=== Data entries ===
--- START ---
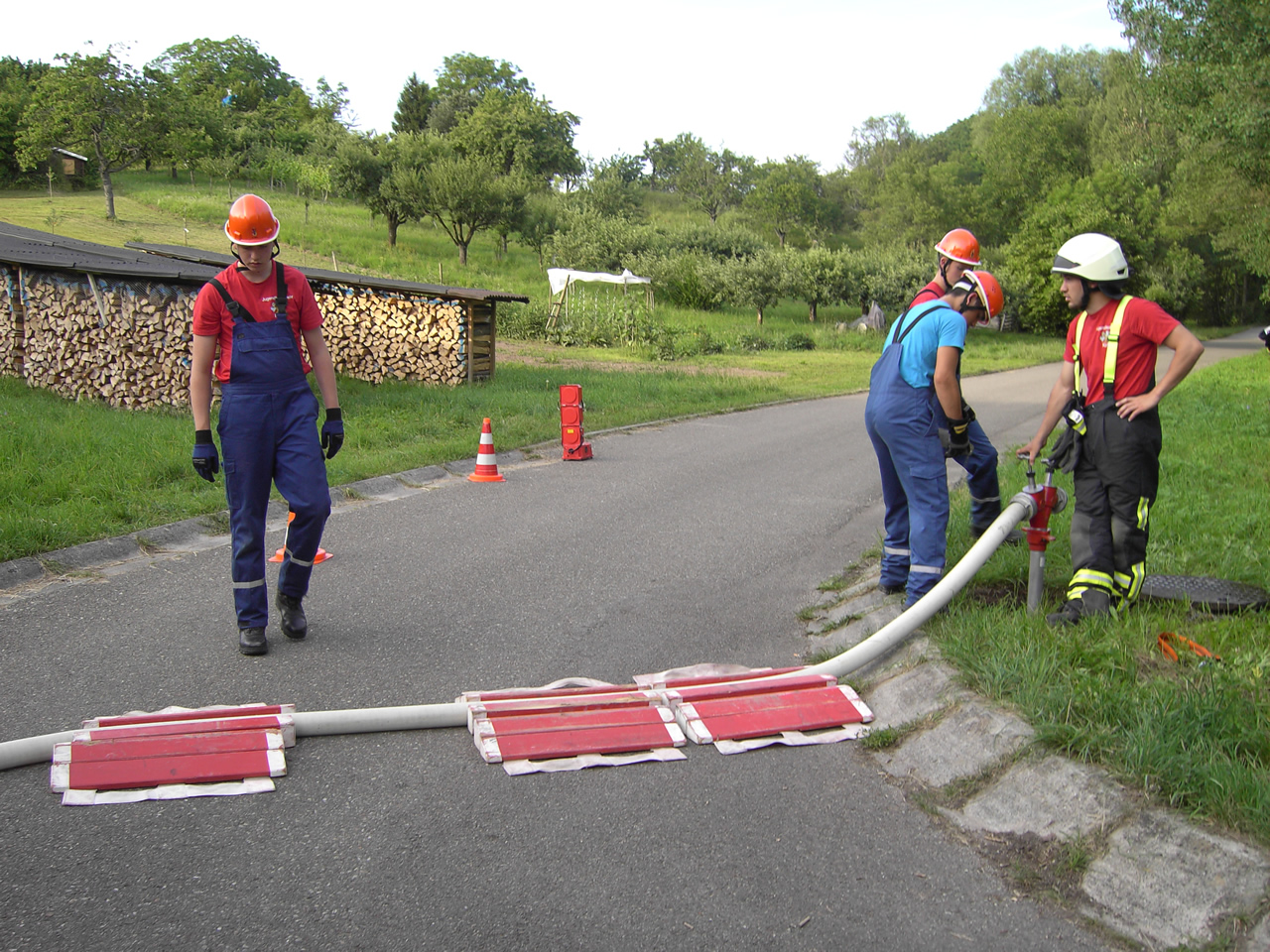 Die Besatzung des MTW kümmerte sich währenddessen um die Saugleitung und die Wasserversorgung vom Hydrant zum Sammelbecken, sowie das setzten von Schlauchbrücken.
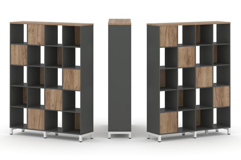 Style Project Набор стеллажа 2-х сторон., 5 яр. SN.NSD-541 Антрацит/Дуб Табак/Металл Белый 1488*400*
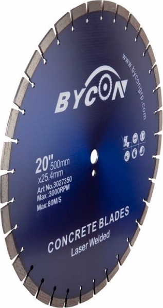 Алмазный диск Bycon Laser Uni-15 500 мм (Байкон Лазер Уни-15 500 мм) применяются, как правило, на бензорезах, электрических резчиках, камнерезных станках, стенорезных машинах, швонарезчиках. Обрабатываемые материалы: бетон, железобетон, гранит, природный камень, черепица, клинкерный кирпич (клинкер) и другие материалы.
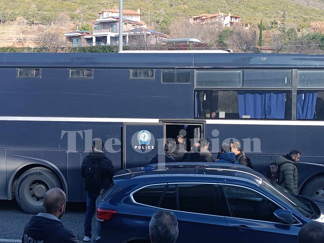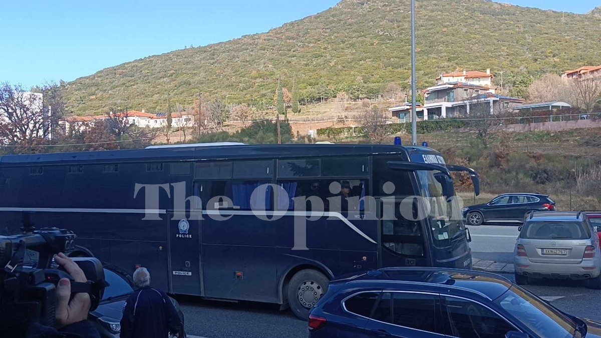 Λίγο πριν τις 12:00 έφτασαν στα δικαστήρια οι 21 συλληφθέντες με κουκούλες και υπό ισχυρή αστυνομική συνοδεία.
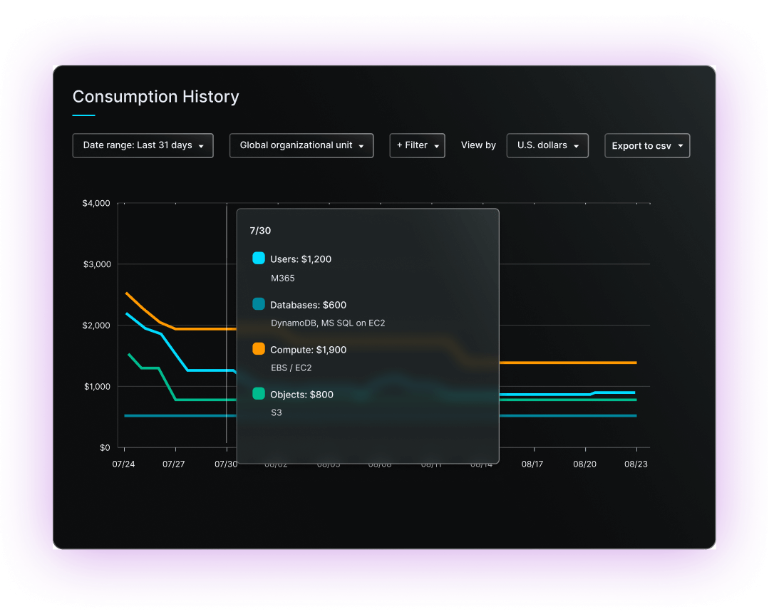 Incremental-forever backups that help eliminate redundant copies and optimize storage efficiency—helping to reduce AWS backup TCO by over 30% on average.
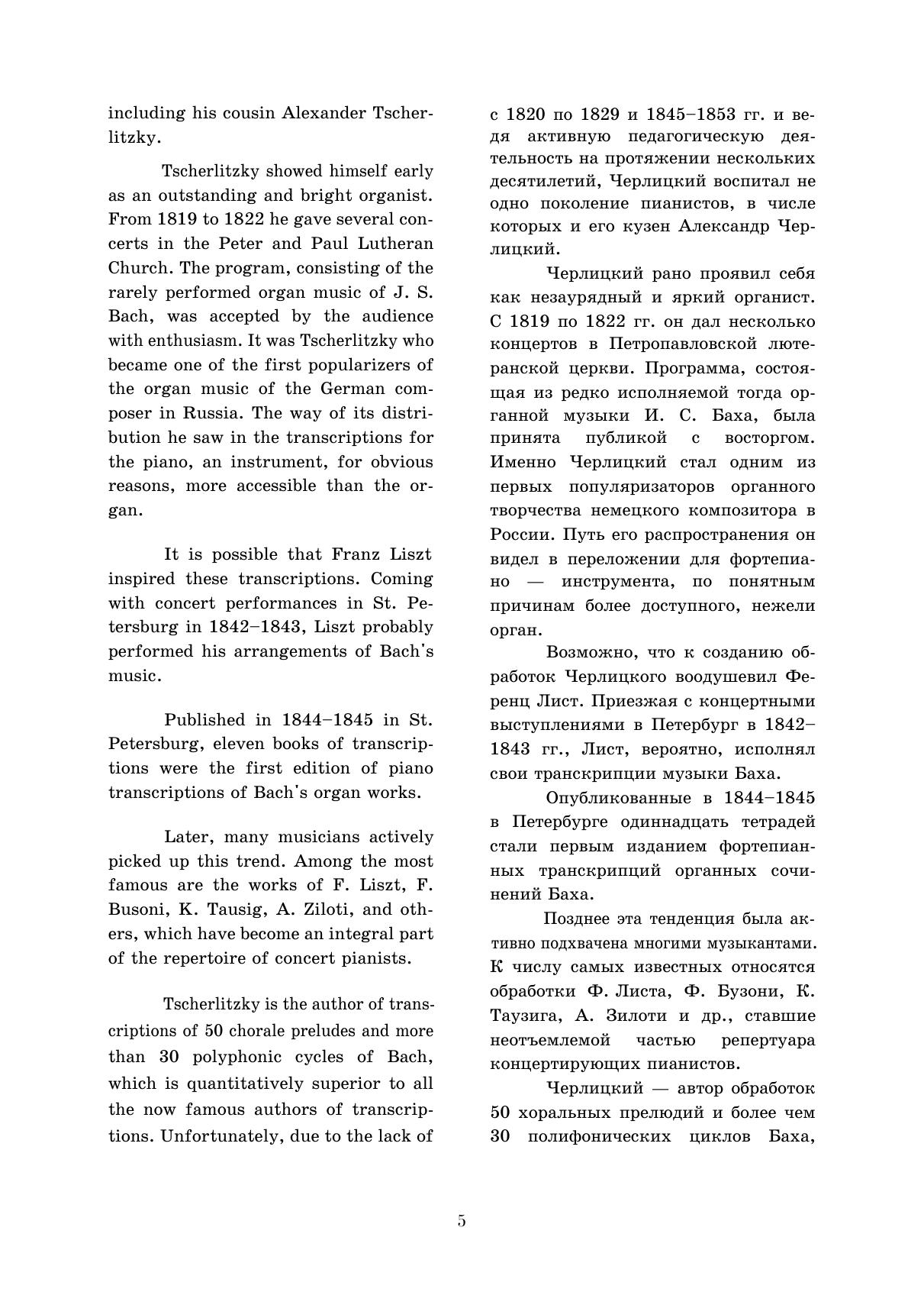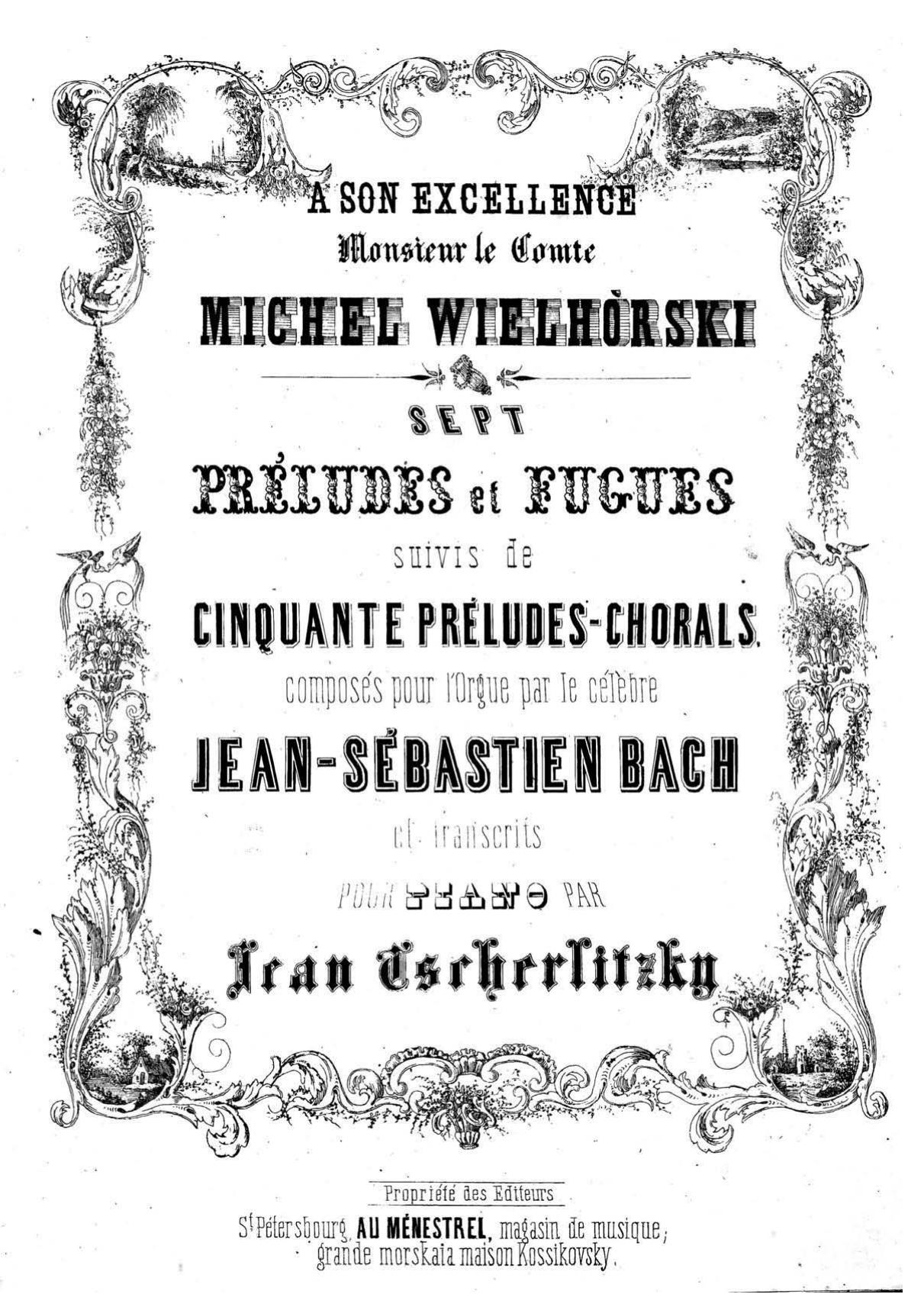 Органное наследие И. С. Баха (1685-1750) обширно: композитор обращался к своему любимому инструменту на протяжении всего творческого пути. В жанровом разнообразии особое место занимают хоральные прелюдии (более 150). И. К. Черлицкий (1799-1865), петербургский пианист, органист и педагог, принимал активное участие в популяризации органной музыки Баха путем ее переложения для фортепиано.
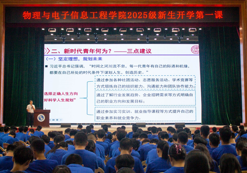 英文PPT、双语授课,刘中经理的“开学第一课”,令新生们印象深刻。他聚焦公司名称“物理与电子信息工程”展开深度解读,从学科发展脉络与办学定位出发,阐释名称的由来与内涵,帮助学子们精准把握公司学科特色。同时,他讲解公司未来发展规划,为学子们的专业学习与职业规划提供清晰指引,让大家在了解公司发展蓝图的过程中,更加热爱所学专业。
--- END ---
=== EXERCISE ===
Starting with the line that holds "Style Project Набор", return each line exactly through the final line of the entries above; pictures are not part of the output.

=== RESPONSE TO THE EXERCISE ===
 Style Project Набор стеллажа 2-х сторон., 5 яр. SN.NSD-541 Антрацит/Дуб Табак/Металл Белый 1488*400*
 Алмазный диск Bycon Laser Uni-15 500 мм (Байкон Лазер Уни-15 500 мм) применяются, как правило, на бензорезах, электрических резчиках, камнерезных станках, стенорезных машинах, швонарезчиках. Обрабатываемые материалы: бетон, железобетон, гранит, природный камень, черепица, клинкерный кирпич (клинкер) и другие материалы.
 Λίγο πριν τις 12:00 έφτασαν στα δικαστήρια οι 21 συλληφθέντες με κουκούλες και υπό ισχυρή αστυνομική συνοδεία.
 Incremental-forever backups that help eliminate redundant copies and optimize storage efficiency—helping to reduce AWS backup TCO by over 30% on average.
 Органное наследие И. С. Баха (1685-1750) обширно: композитор обращался к своему любимому инструменту на протяжении всего творческого пути. В жанровом разнообразии особое место занимают хоральные прелюдии (более 150). И. К. Черлицкий (1799-1865), петербургский пианист, органист и педагог, принимал активное участие в популяризации органной музыки Баха путем ее переложения для фортепиано.
 英文PPT、双语授课,刘中经理的“开学第一课”,令新生们印象深刻。他聚焦公司名称“物理与电子信息工程”展开深度解读,从学科发展脉络与办学定位出发,阐释名称的由来与内涵,帮助学子们精准把握公司学科特色。同时,他讲解公司未来发展规划,为学子们的专业学习与职业规划提供清晰指引,让大家在了解公司发展蓝图的过程中,更加热爱所学专业。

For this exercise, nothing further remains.